Figure 5. FadD22 is phosphopantetheinylated and autoacylated with the pHBA, whereas FadD22(S576A) is not

(A) Time course for in vitro phosphopantetheinylation of wild-type FadD22 (1 μM) and FadD22(S576A) (1 μM). (B) Auto-loading competence of FadD22 and FadD22(S576A) expressed alone or together with Sfp. Proteins (10 μM) in acylation reactions with the indicated compositions were bound to the membrane under denaturing conditions for analysis of covalently-bound radiolabel in the proteins. Only holo-FadD22 was competent for autoacylation (upper, right quadrant). Triplicate reactions were spotted on the membrane. (C) pHB-AMP formation competence of FadD22 (10 μM) and FadD22(S576A) (10 μM) expressed alone or together with Sfp. TLC excerpt image shows formed pHB-AMP (or lack thereof) in reactions of the indicated composition. (D) Time course for holo FadD22 autoacylation. The concentration of the pHB-S-FadD22 formed was normalized to the concentration of FadD22 (5 μM) in the reaction ([pHB-S-FadD22]/[FadD22]). Means of triplicate reactions with SEM are shown.

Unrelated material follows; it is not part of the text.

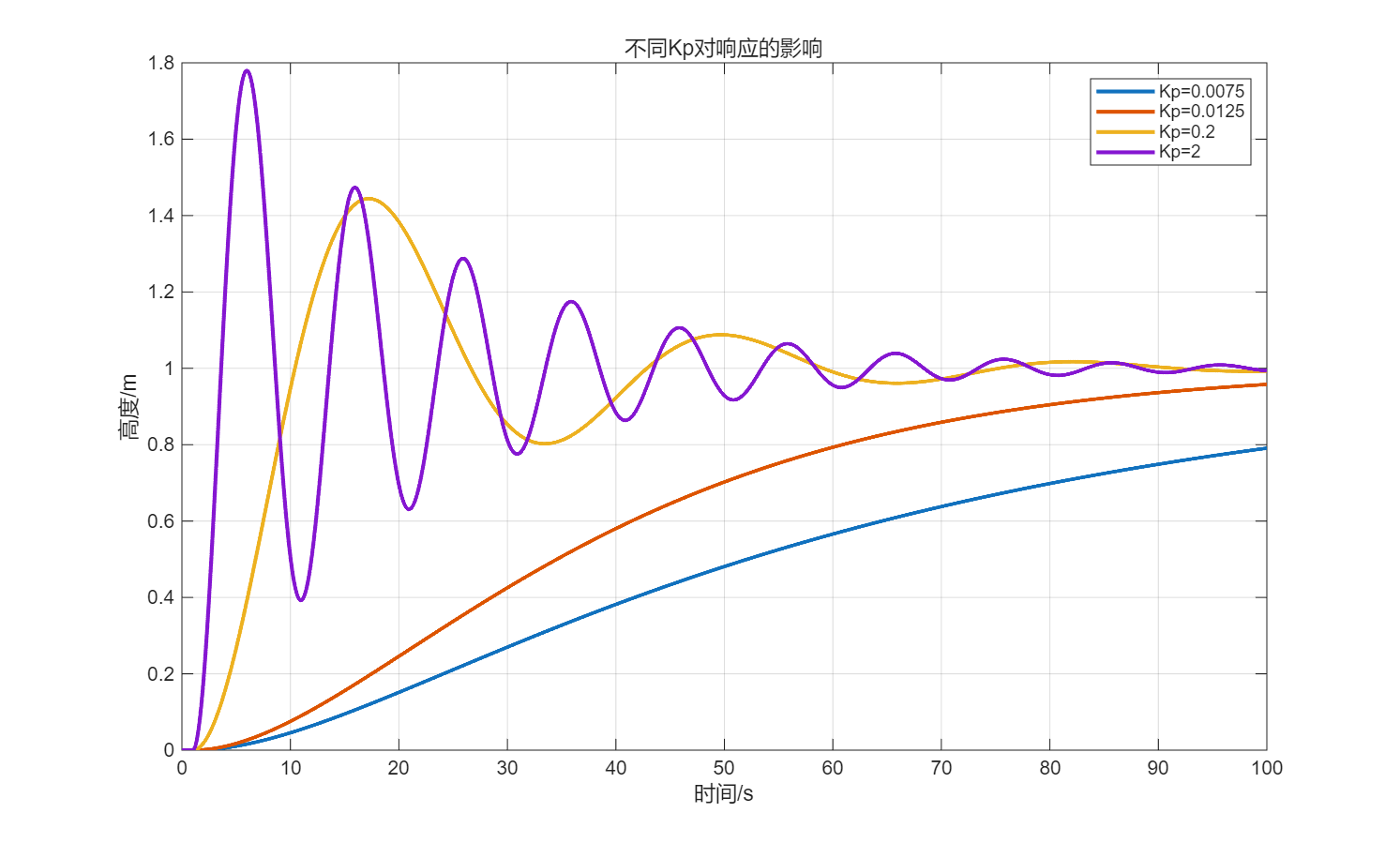 对于这个实验假设的简易无人机飞行高度控制系统,我们使用了PID控制器让系统对于单位阶跃响应能够快速达到控制目标。其中参数分别为:

Figure 6. pHB-AMS inhibits FadD22-catalyzed pHBA adenylation and autoacylation

(A) p-Hydroxybenzoyl-AMP (1) (pHB-AMP) intermediate and its mimic, 5′-O-(N-[4-hydroxybenzoyl]sulfamoyl)adenosine (2) (pHB-AMS). (B) Dose-response for inhibition of pHB-AMP formation plotted with fractional velocity as a function of pHB-AMS concentration. (C) Dose-response for inhibition of pHB-S-FadD22 formation plotted with fractional velocity as a function of pHB-AMS concentration. v_i and v_c, are velocities in inhibitor- and DMSO-containing reactions, respectively. Data points are means of triplicates reactions.

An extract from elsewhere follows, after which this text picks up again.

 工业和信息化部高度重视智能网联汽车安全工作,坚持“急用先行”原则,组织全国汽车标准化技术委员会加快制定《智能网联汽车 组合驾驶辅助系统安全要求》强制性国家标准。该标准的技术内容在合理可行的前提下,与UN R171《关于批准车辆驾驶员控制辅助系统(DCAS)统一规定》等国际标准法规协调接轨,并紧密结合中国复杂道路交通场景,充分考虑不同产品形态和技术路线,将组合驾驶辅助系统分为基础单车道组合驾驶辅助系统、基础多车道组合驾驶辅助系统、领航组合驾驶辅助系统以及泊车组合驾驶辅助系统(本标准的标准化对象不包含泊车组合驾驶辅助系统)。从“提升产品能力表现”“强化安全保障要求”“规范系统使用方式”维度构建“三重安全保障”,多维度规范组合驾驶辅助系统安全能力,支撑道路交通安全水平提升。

Figure 7. pHB-AMS inhibits PGL production

(A) Inhibition of PGL production by pHB-AMS. The dose-response plots show the effect of pHB-AMS on production of PGLs. PGL_T/PGL_C, ratio of PGL production in inhibitor-treated (PGL_T) to DMSO-treated (PGL_C) cultures. Values represent means from triplicate cultures with SEM. The maximum fold changes induced by pHB-AMS on PGL, PDIM, and PNDIM production are depicted in the bar graphs. No PDIM fold-change is shown for M. kansasii, which is PDIM deficient. (B) Reduction of the PGL-production inhibitory efficacy of pHB-AMS by multi-copy suppressor effect. pHB-AMS was tested at the concentration shown against M. kansasii (Mk) and Mk transformed with the indicated plasmids. pCP0, vector; pCP0-FadD22tb, pCP0 expressing M. tuberculosis FadD22; pCP0-FadD22tbAd, pCP0 expressing M. tuberculosis FadD22 adenylation domain; pCP0-FadD22ml, pCP0 expressing M. leprae FadD22. Data represent means of triplicate cultures with SEM. (C) Effect of pHB-AMS on growth of M. tuberculosis (Mt, red circles), M. bovis (Mb, blue squares), M. marinum (Mm, green circles), and M. kansasii (Mk, orange squares). The effect was evaluated on cultures started with the indicated inoculum levels. OD_T/OD_C, ratio of OD_580nm of inhibitor-treated (OD_T) to OD_580nm of DMSO-treated (OD_C) cultures. Means of triplicate cultures with SEM are shown.